WOW HD
- Company type: Private
- Industry: Retail Record store Ecommerce
- Founded: 2000, London, England
- Headquarters: Worldwide
- Products: Recorded music, videos, DVDs, books, computer games, beauty
- Parent: DirectToU, LLC
- Website: http://www.wowhd.co.uk/

= WOW HD =

British online store

WOW HD is an online store that mainly sells physical copies of pre-recorded music and videos.

==History==

Under its previous name, CD WOW!, the retailer began operating in the UK in 2000, offering CDs and DVDs at lower prices than the high street.

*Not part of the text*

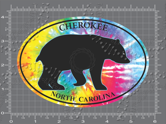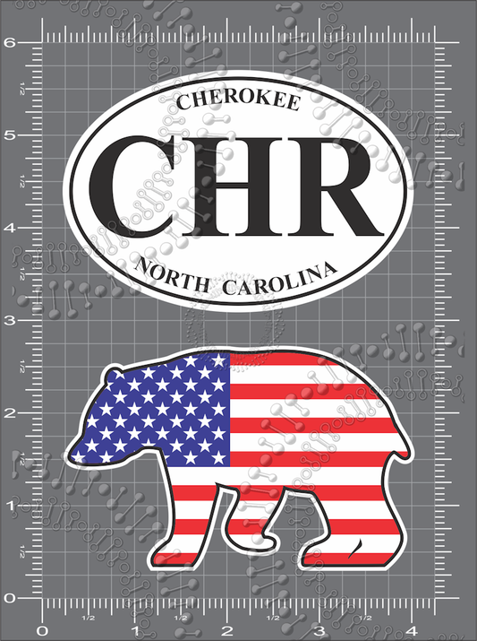 Cherokee, NC - USA Bear and White CHR Oval Decal
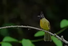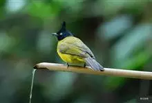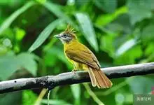 黑冠黄鹎:体长18-21厘米,是一种中等体型偏黄色鹎。整个头、颈、颏、喉黑色,头顶有显著直立的羽冠,黑色,上体褐橄榄黄绿色,下体橄榄黄色。虹膜偏红;嘴及脚黑色。…全部>>

In 2004 the company was taken to court by the British Phonographic Industry, the recording industry association for the UK, for selling CDs at prices that often undercut UK retail prices by 25% as although the CDs in question were legal, many of them were licensed for sale and distribution in other markets and thus priced accordingly for those markets. The BPI, acting on behalf of its members, saw the lower priced albums as damaging to the UK and European markets and took the company's former owners Music Trading On-Line (HK) Ltd to the High Court, citing UK's Copyright, Designs and Patents Act of 1988. This resulted in CD WOW! being ordered not to sell titles that were not licensed for sale in Europe, and claiming it had to increase the price of all CDs. On 29 May 2007, the former owners of CD WOW! were ordered by the High Court to pay £41 million in damages to the BPI for breaching the 2004 agreement over the sale of imported CDs.

On 1 September 2007, CD WOW! was bought by Stomp Pty. Ltd. In May 2008, CD WOW! launched a new site design in the UK, Ireland and the US, and changed its domain name from cd-wow.com to cdwow.com. In September 2008 CD WOW! launched a new front end for all its domains including a new domain in the Netherlands. It also started offering cosmetics and perfumes on all the sites via its wowwoman.com domain.

In September 2010, the ownership of CD WOW! was transferred to a new Australian company, Elan Media Partners, which had acquired Stomp. On 20 February 2012, CD WOW! changed its name to WOW HD.

Since mid-2015, WOW HD has been owned by DirectToU, LLC, who also operate sites such as deepdiscount.com and Amazon Marketplace/eBay seller All Your Music.

==Business==

WOW HD offers customers three ways to pay: through its own checkout using a credit or debit card, through PayPal, or through Google Checkout, so no sign-in is needed to make a purchase.